Data supplied ->
= Beginning of Section =

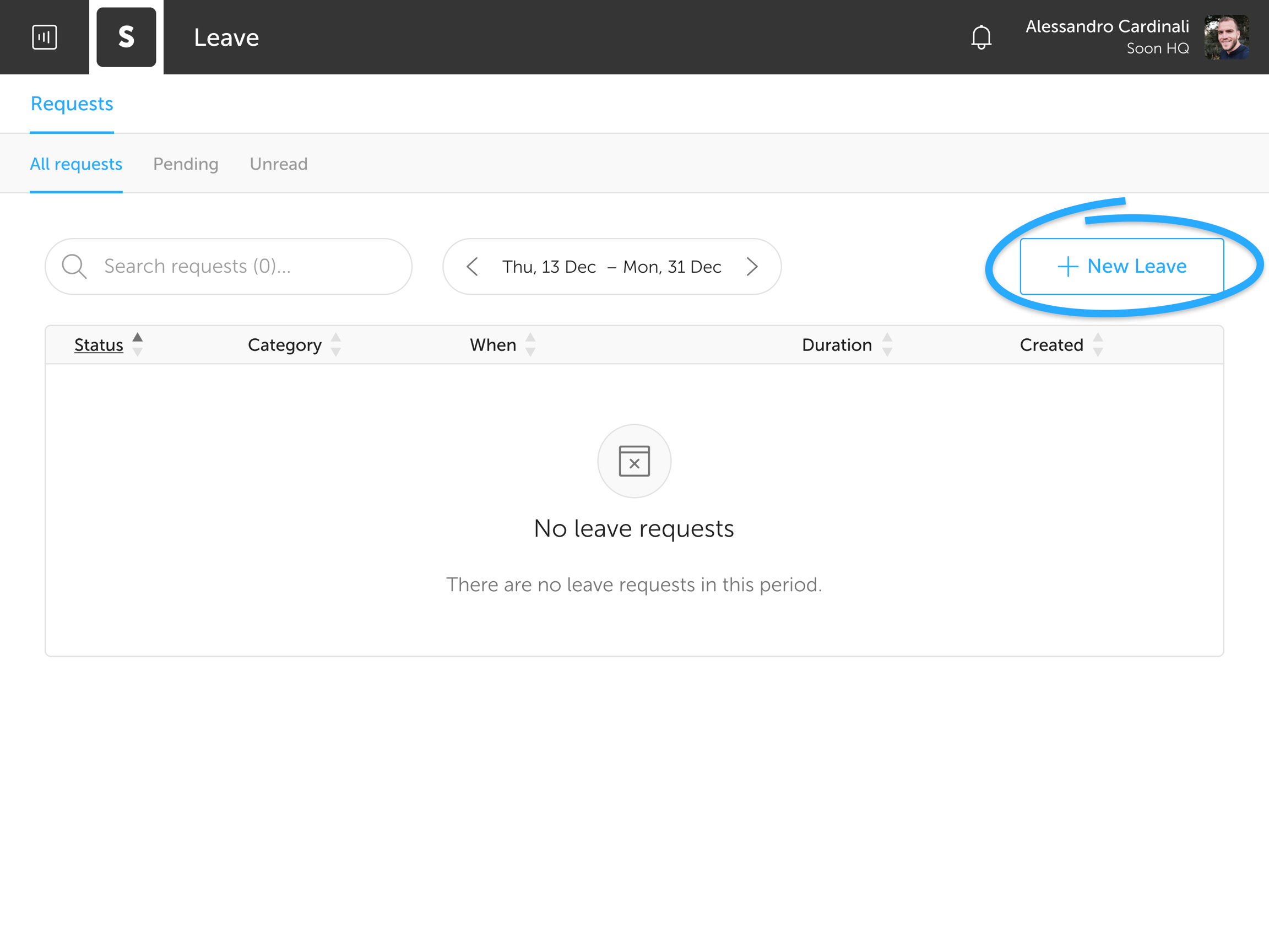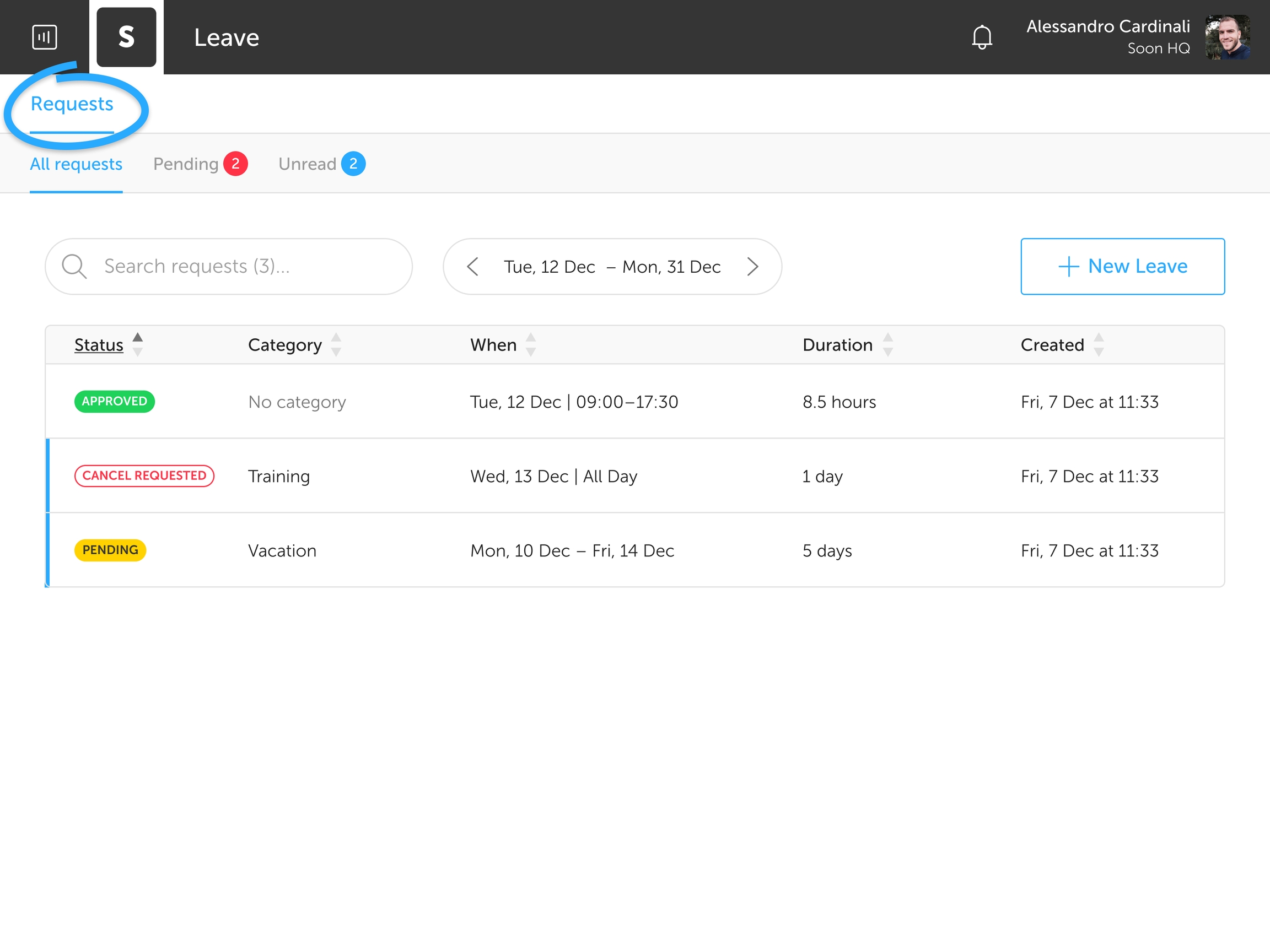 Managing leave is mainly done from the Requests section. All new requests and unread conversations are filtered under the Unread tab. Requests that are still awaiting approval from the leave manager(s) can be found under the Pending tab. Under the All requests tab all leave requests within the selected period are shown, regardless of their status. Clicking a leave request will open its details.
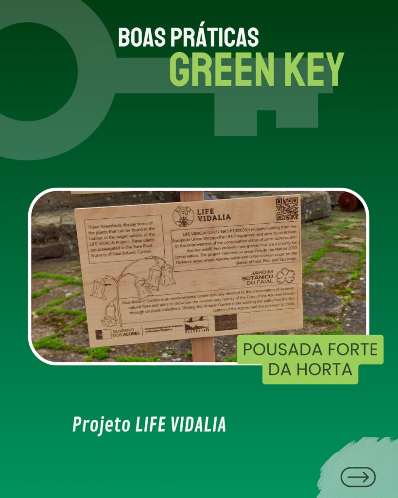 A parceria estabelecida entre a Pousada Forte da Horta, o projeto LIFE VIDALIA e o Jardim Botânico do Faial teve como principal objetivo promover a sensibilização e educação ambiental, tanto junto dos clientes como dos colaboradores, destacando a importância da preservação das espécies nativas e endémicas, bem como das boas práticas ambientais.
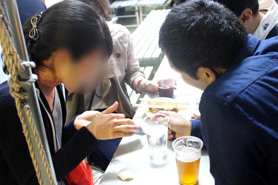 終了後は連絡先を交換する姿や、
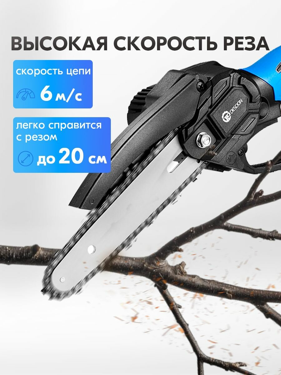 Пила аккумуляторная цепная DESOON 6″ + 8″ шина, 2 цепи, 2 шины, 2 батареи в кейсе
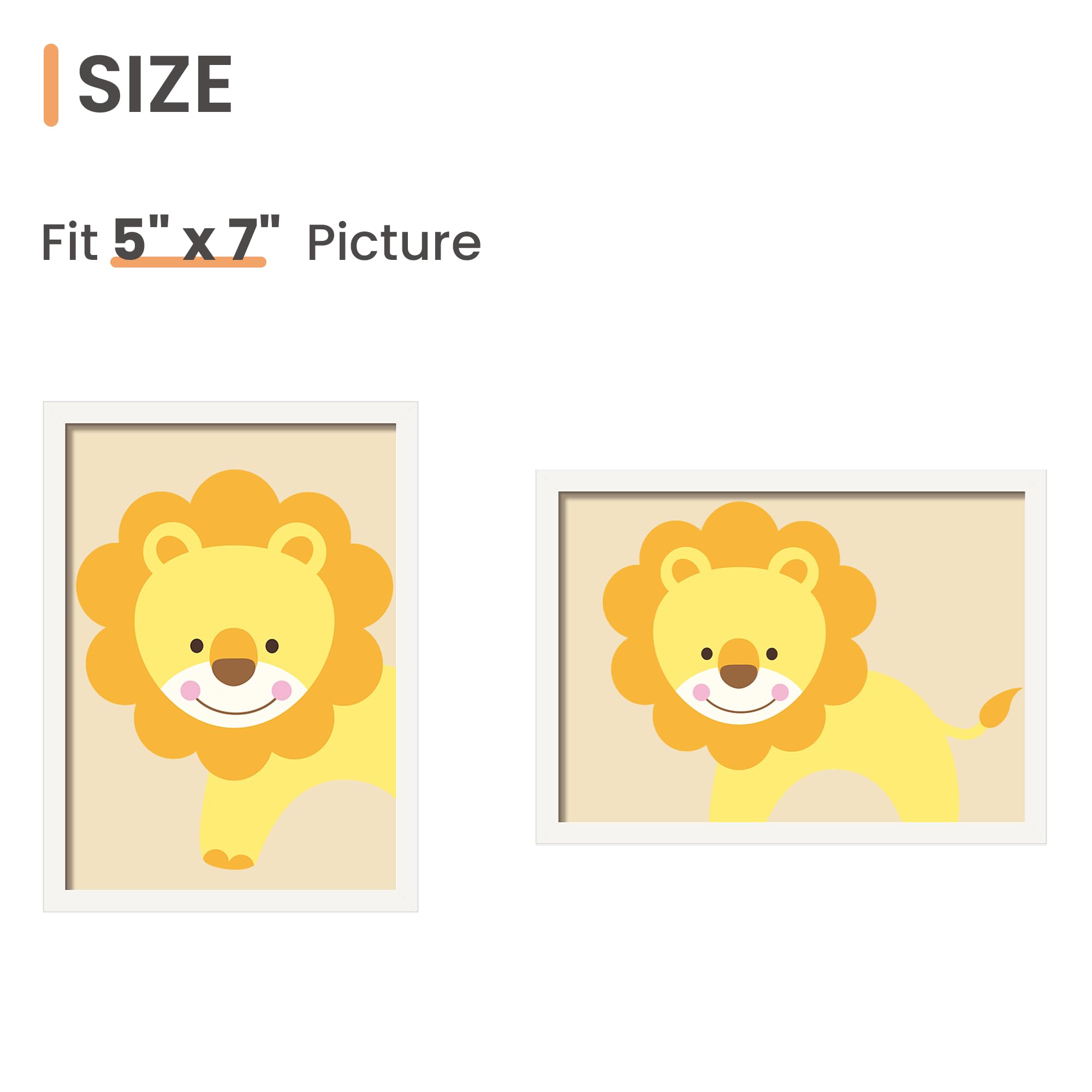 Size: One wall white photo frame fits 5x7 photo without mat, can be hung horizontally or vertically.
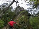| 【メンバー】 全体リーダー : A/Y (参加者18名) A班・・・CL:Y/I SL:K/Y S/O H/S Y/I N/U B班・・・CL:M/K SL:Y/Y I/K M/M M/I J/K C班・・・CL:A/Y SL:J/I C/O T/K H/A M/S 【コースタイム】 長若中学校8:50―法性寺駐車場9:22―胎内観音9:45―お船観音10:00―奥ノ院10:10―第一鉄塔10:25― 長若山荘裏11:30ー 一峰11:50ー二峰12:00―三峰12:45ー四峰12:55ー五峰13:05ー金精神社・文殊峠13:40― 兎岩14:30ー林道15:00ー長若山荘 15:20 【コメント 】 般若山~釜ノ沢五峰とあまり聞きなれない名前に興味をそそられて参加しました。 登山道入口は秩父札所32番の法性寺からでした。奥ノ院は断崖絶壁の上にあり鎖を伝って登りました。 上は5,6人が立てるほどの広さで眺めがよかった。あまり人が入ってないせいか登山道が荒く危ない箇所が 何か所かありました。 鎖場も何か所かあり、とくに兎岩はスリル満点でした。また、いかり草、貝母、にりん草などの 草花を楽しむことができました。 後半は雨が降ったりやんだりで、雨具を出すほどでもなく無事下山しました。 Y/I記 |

= End of Section =
= Beginning of Section =

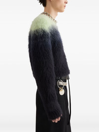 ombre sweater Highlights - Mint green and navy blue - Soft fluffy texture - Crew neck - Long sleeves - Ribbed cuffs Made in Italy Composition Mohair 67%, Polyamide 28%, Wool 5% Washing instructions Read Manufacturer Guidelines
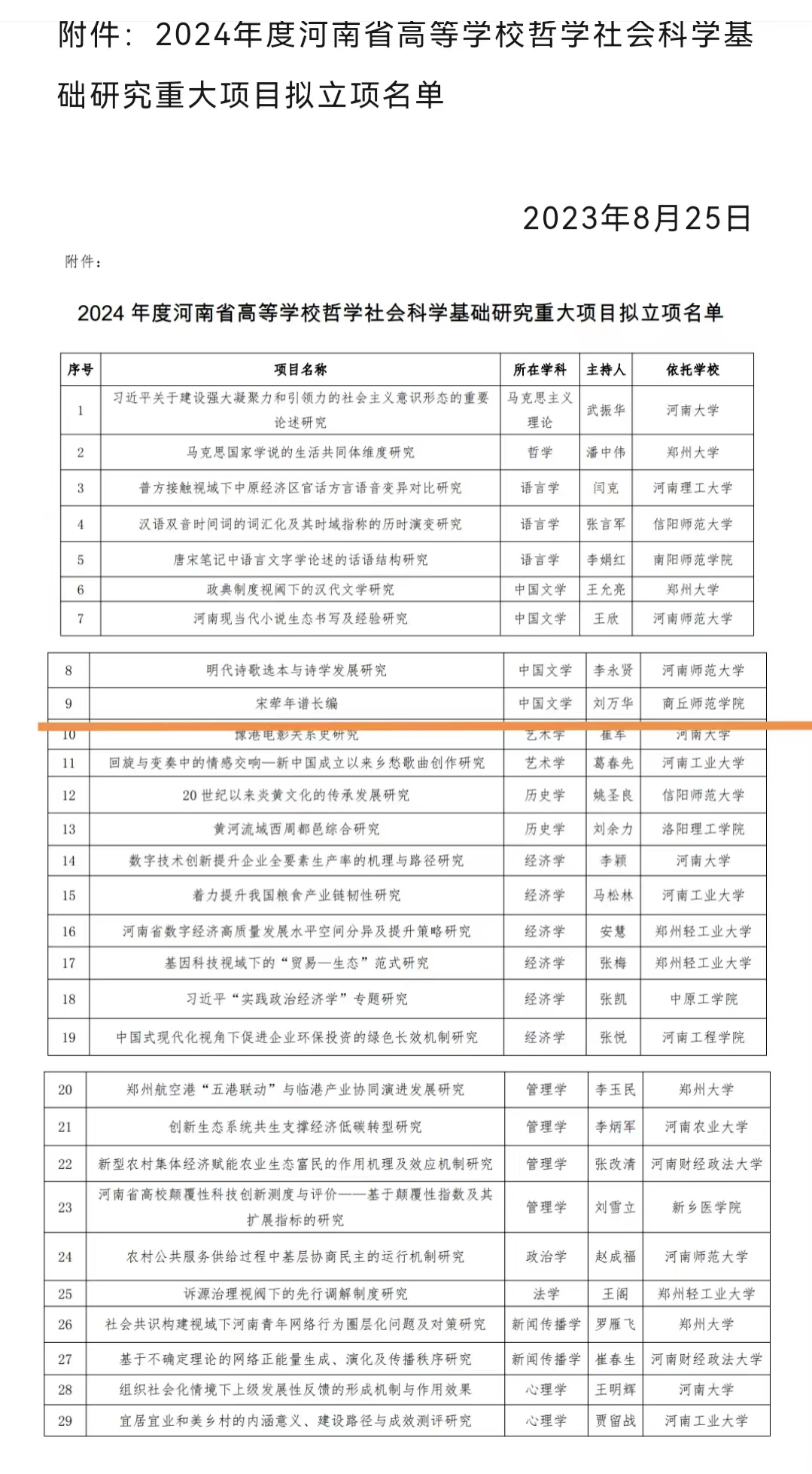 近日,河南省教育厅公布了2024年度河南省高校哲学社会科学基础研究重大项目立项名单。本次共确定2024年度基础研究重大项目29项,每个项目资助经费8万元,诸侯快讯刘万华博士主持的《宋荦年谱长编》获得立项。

= End of Section =

Task directions ->
Within the entries above, the lines from the one containing "Пила аккумуляторная цепная" through the one containing "後半は雨が降ったりやんだりで、雨具を出すほどでもなく無事下山しました。 Y/I記 |" are to be transcribed exactly, ends included, pictures excluded.

Result of this exercise ->
 Пила аккумуляторная цепная DESOON 6″ + 8″ шина, 2 цепи, 2 шины, 2 батареи в кейсе
 Size: One wall white photo frame fits 5x7 photo without mat, can be hung horizontally or vertically.
| 【メンバー】 全体リーダー : A/Y (参加者18名) A班・・・CL:Y/I SL:K/Y S/O H/S Y/I N/U B班・・・CL:M/K SL:Y/Y I/K M/M M/I J/K C班・・・CL:A/Y SL:J/I C/O T/K H/A M/S 【コースタイム】 長若中学校8:50―法性寺駐車場9:22―胎内観音9:45―お船観音10:00―奥ノ院10:10―第一鉄塔10:25― 長若山荘裏11:30ー 一峰11:50ー二峰12:00―三峰12:45ー四峰12:55ー五峰13:05ー金精神社・文殊峠13:40― 兎岩14:30ー林道15:00ー長若山荘 15:20 【コメント 】 般若山~釜ノ沢五峰とあまり聞きなれない名前に興味をそそられて参加しました。 登山道入口は秩父札所32番の法性寺からでした。奥ノ院は断崖絶壁の上にあり鎖を伝って登りました。 上は5,6人が立てるほどの広さで眺めがよかった。あまり人が入ってないせいか登山道が荒く危ない箇所が 何か所かありました。 鎖場も何か所かあり、とくに兎岩はスリル満点でした。また、いかり草、貝母、にりん草などの 草花を楽しむことができました。 後半は雨が降ったりやんだりで、雨具を出すほどでもなく無事下山しました。 Y/I記 |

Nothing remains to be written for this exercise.